The concept of creating "New Field Aggregations" in LityxIQ is similar to partition and windowing functions that you may be familiar with in some SQL languages. The functionality provides a way to add new variables to a dataset that have a value for every row, and are computed using summary functions over partitions and ordered windows of the dataset. It is a very powerful set of functionality that typically requires complex SQL coding in a SQL language, but LityxIQ makes such functions easily available through a point and click interface.
There are six essential components to defining a New Field Aggregation. Three components determine how the rows of the dataset are used to compute new values.
- Partition - the computations will be performed separately for each unique combination of the levels of one or more Partition Variables. Each of these unique combinations can be considered a "partition" of the dataset. It is possible to not select any Partition Variables, in which case the computations are performed considering the entire dataset as a single partition. All partitions are processed completely independently of each other.
- Ordering - for many computations (but not all), the ordering of the rows that are within a partition is important. For example, when computing a lag, it is necessary to specify a way that rows are ordered. The Ordering Variables can be set to determine how that ordering is performed. Most computations require that one or more ordering variables be selected.
- Window - each requested computation is carried out on a certain dynamic subset (window) of records within the partition. The Window can be "dynamic" because it can be defined differently for each row in the partition as that row relates to other rows in the partition. A simple and common window, however, is often the window containing "all records in the partition". This choice of window is "static" because the rows contained in the window is always the same for every row in the partition. An example of a dynamic window would be: "for each row in the partition, define the window under consideration to be all rows starting two before this row, and up to two following this row". This can be thought of as a dynamic moving window that always contains five rows, and those five rows in the window change as each new row in the partition is considered.
The other three components to define a New Field Aggregation relate to the computation that is made for each row, based on the Partition, Ordering, and Window selected above:
- Variable to Summarize - this is the variable on which a calculation will be made. For example, to compute an average Age, Age would be selected.
- Summary Function - this is the method for making a calculation on the selected variable. There are many options, including standard aggregation functions like average, min, max, and counts. Other options include lag, percentiles, ranks, z-values, and many more.
- Other Settings - some functions chosen require other settings. For example, when requesting that a lag be computed, you will need to specify which lagged value (such as 1 row before, 3 rows before, or even something like 2 rows after). Another example is the "Nth Value" function for which you will specify the value of N (e.g., specifying N=4 requests the 4th ordered value in the window as the result). "Ntile" and "Percentile" are two other examples of functions requiring more information to work properly.

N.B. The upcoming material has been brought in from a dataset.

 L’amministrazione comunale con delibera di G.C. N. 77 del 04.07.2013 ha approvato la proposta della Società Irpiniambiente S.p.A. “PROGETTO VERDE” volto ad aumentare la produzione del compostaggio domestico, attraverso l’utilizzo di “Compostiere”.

There are similarities and differences with creating standard new fields and with doing a standard dataset aggregation (in the Aggregation area when defining a view). Here are some comparison and contrasts:
Standard New Field
- Creates a new variable that has a value for every row in the dataset. The number of rows in the dataset does not change.

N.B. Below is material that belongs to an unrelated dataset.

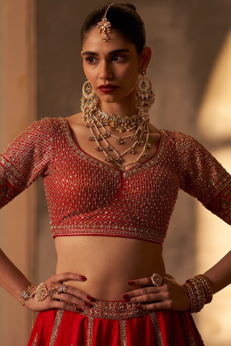 A4.High neck, boat neck, princess cut, and elbow sleeve blouses balance heavy lehengas and give a rich finish.

- The value for a row depends on other data in the same row, using a formula (such as a mathematical operation, a string or date-based calculation, etc).
- These operations are performed in the New Fields area when creating a View.
Aggregation New Field
- Creates a new variable that has a value for every row in the dataset. The number of rows in the dataset does not change.

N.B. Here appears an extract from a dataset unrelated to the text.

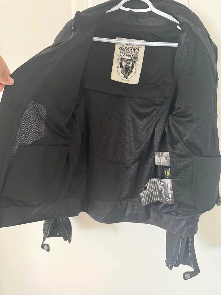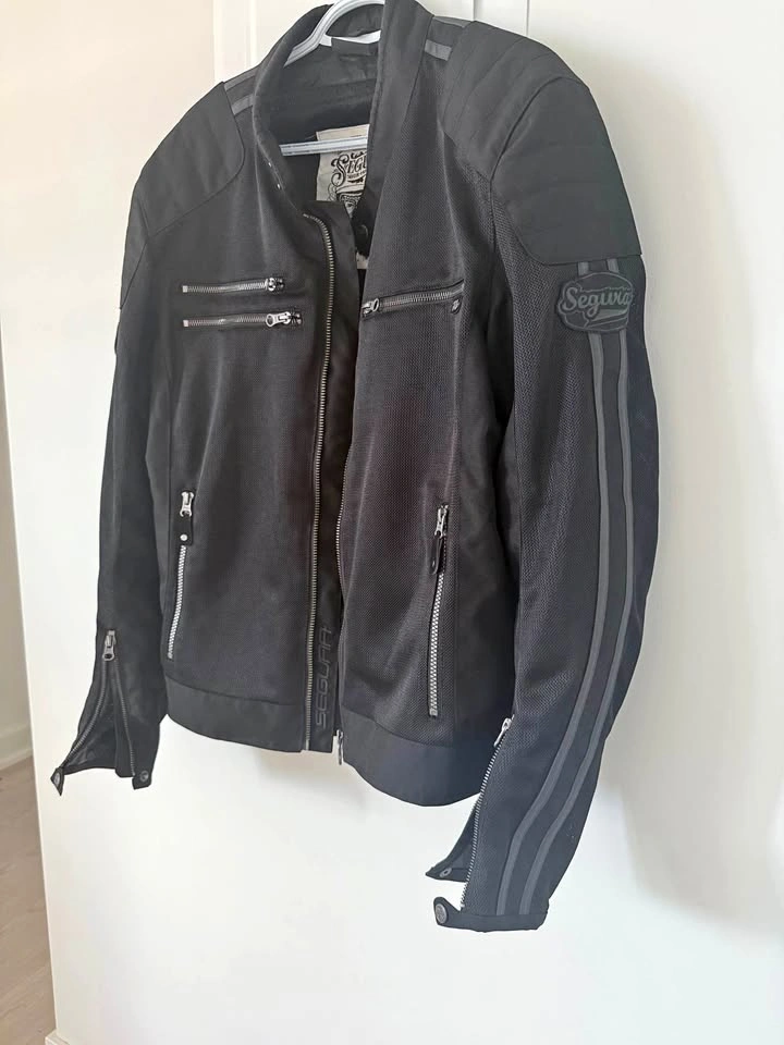 10Lightweight, robust and extremely stylish! Due to its high breathability the Segura Ventura Vented motorcycle textile jacket is the ideal companion in summer. Features: Fibretech 600D Tough mesh material Body Fit Adjustable at waist by press stud fastener Adjustable at sleeve by zipper and press stud fastener 2x Side pockets with zipper 3x Breast pockets with zipper 2x Inside pockets Padded seams Non-removable hard mesh lining adjustable Alpha elbow protectors Alpha shoulder protectors back protector included

- The value for a row can depend on summaries or other operations that involve data from other rows. Examples include lags, averages, and percentiles among many others.
- These operations are performed in the New Fields area when creating a View.
Standard Aggregation
- Summarizes a dataset to a different level based on the defined aggregation variables, with the result typically having fewer rows than the starting point.
- The values for a row in the summarized dataset are based on simple summary operations such as averages, minimums, and counts. More complex operations such as lags and percentiles are not supported.
- These operations are performed in the Aggregation area when creating a View.